▶ _Task details_
Leave the pictures aside and copy all the data exactly.

▶ _Given data_
::::::::::

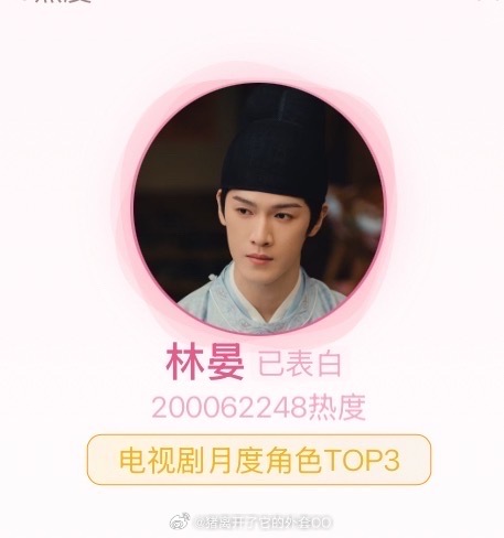 恭喜李昀锐林晏角色热度破2亿!厉害了,这个角色真的人设好演的也好!![打call
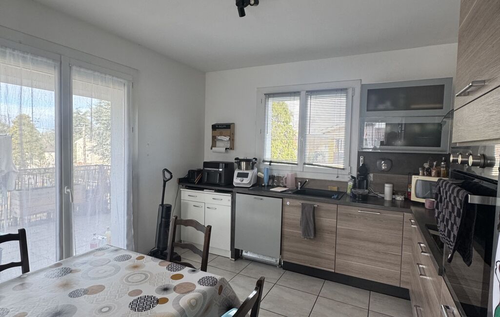 1er étage : pièce de vie lumineuse avec cuisine équipée, terrasse avec balcon, 3 chambres, salle de douche, WC indépendants. Poêle à granulés pour le confort.
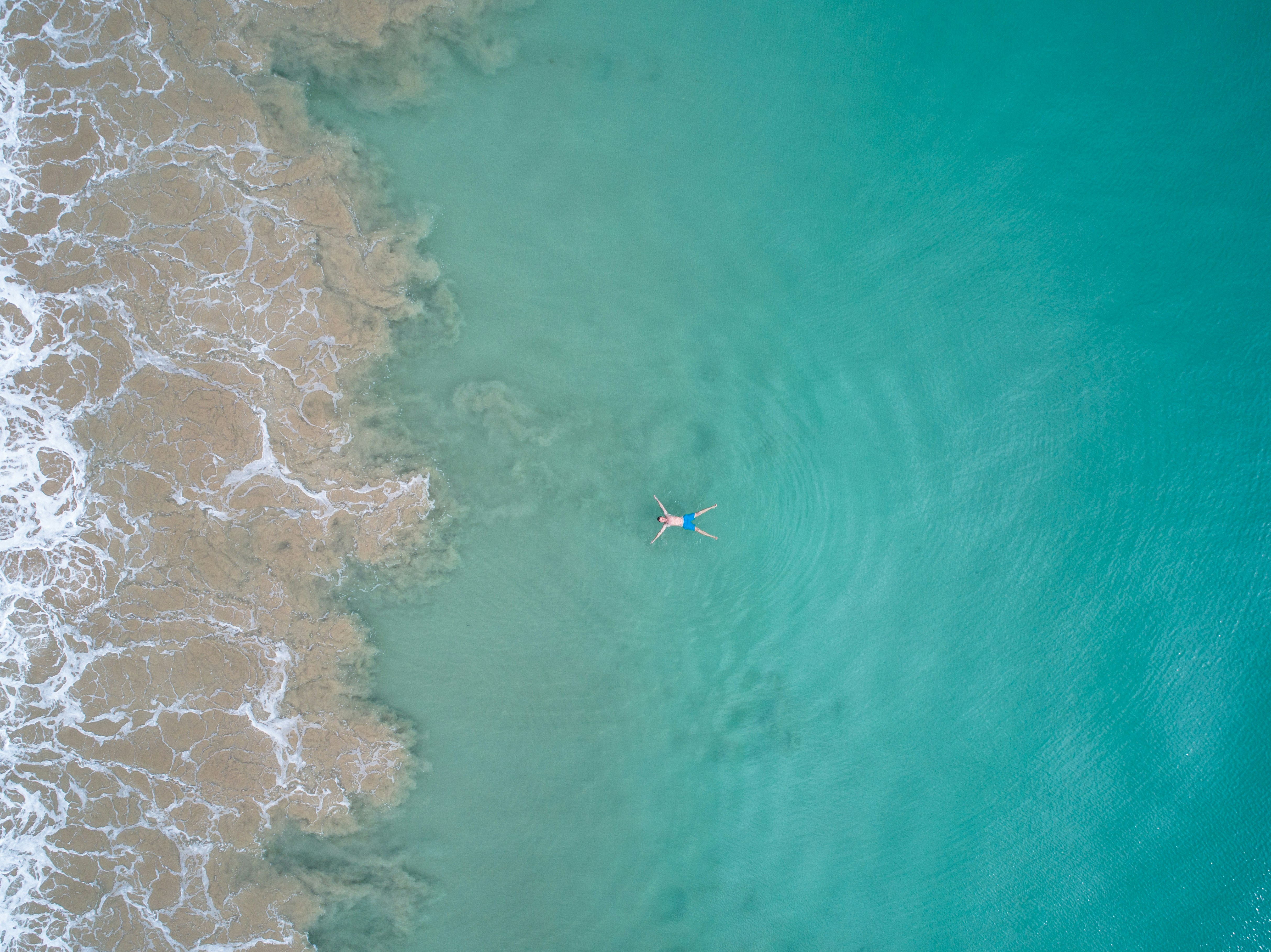 海洋,人,海景,海洋,游泳,波浪,展翅鹰,孤独,蓝色,人,无人机视图,男性,热带,假日,放松,最小,无人机,空中,大洋路,阿波罗小镇,夏天
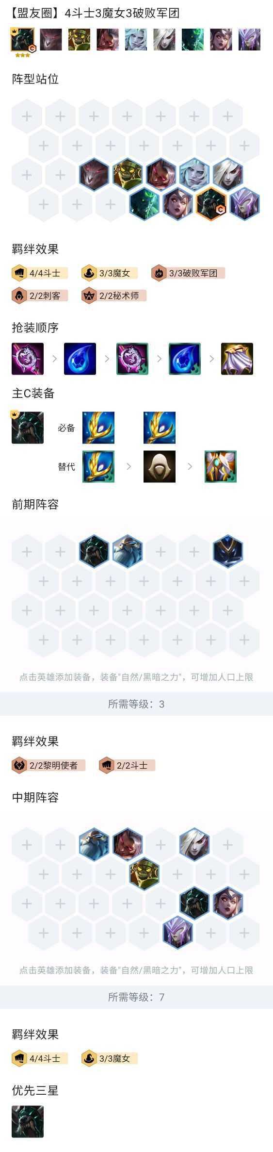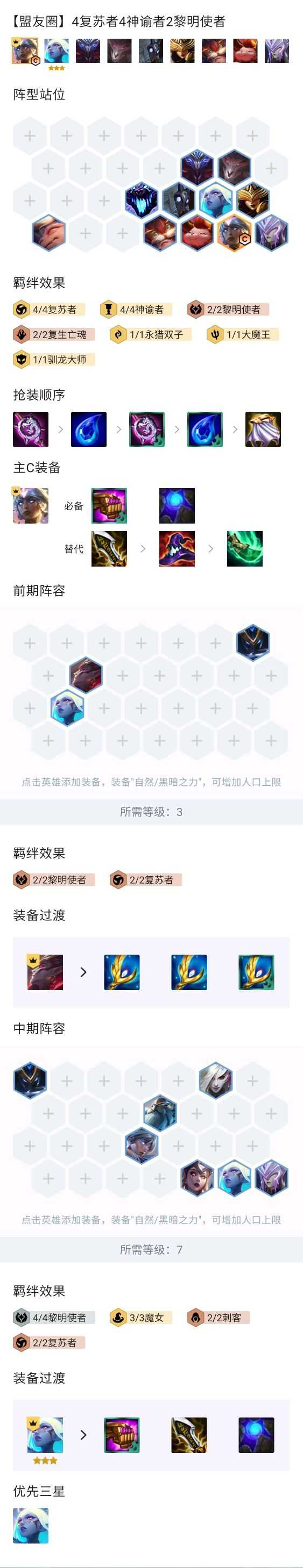 第二种情况就是吸血鬼三星,补复苏魔女就行,这版本吸血鬼加强又多了个六复苏,一个专职就可以实现,这是官方赤裸裸的暗示玩吸血鬼啊,以前吸血鬼都是前期凑四复苏后面换大头的,也确实,我在这个版本回归狂暴后就看到人人都在赌,所以吸血鬼大概率是三不了,但是我们也没指望它三,当狼人追不了三,我们就可以取出大天使给吸血鬼,基本后面大家也会转型吸血鬼前面难拿后面也挺容易的,有四张就给吸血鬼带大天使,奶妈二星了魔女给到奶妈,我们装备6级时肯定都是尽量拿的ap装,直接奶妈主c,法爆无尽蓝buff,轻松赢到7级,不行奶妈也可以带大天使,老规矩是准备4张奶妈,能追三肯定就奶妈主c,不能留准备第三次转型,7级找卡尔玛和小菊,这里提一嘴,7级前大家基本报团站,奶妈收益很高,7级后大家都会分散一下,奶妈没多少容错,还得卡尔玛不用考虑对手站位,卡尔玛还是一件蓝装两件法爆装,大天使这时候可以给到小菊,这套阵容为什么丝滑,因为这装备太好用了,如果来了提莫大头也可以带到ap装,在神谕和复苏中凑出四加二甚至四加四就行,血量大优你咋打都行,卡尔玛最好凑个四黎明,常规阵容是补上狗熊,后期大头或者提莫二星还可以继续进行第四次第五次转型,小菊卡尔玛装备继续交替,谁吃魔女谁主c,这套阵容里唯一不用换的就是魔女,加上这版本武器库和装备拆卸重铸的出现,我只能用丝滑来形容这套阵容。

::::::::::

▶ _Solution to this problem_
 恭喜李昀锐林晏角色热度破2亿!厉害了,这个角色真的人设好演的也好!![打call
 1er étage : pièce de vie lumineuse avec cuisine équipée, terrasse avec balcon, 3 chambres, salle de douche, WC indépendants. Poêle à granulés pour le confort.
 海洋,人,海景,海洋,游泳,波浪,展翅鹰,孤独,蓝色,人,无人机视图,男性,热带,假日,放松,最小,无人机,空中,大洋路,阿波罗小镇,夏天
 第二种情况就是吸血鬼三星,补复苏魔女就行,这版本吸血鬼加强又多了个六复苏,一个专职就可以实现,这是官方赤裸裸的暗示玩吸血鬼啊,以前吸血鬼都是前期凑四复苏后面换大头的,也确实,我在这个版本回归狂暴后就看到人人都在赌,所以吸血鬼大概率是三不了,但是我们也没指望它三,当狼人追不了三,我们就可以取出大天使给吸血鬼,基本后面大家也会转型吸血鬼前面难拿后面也挺容易的,有四张就给吸血鬼带大天使,奶妈二星了魔女给到奶妈,我们装备6级时肯定都是尽量拿的ap装,直接奶妈主c,法爆无尽蓝buff,轻松赢到7级,不行奶妈也可以带大天使,老规矩是准备4张奶妈,能追三肯定就奶妈主c,不能留准备第三次转型,7级找卡尔玛和小菊,这里提一嘴,7级前大家基本报团站,奶妈收益很高,7级后大家都会分散一下,奶妈没多少容错,还得卡尔玛不用考虑对手站位,卡尔玛还是一件蓝装两件法爆装,大天使这时候可以给到小菊,这套阵容为什么丝滑,因为这装备太好用了,如果来了提莫大头也可以带到ap装,在神谕和复苏中凑出四加二甚至四加四就行,血量大优你咋打都行,卡尔玛最好凑个四黎明,常规阵容是补上狗熊,后期大头或者提莫二星还可以继续进行第四次第五次转型,小菊卡尔玛装备继续交替,谁吃魔女谁主c,这套阵容里唯一不用换的就是魔女,加上这版本武器库和装备拆卸重铸的出现,我只能用丝滑来形容这套阵容。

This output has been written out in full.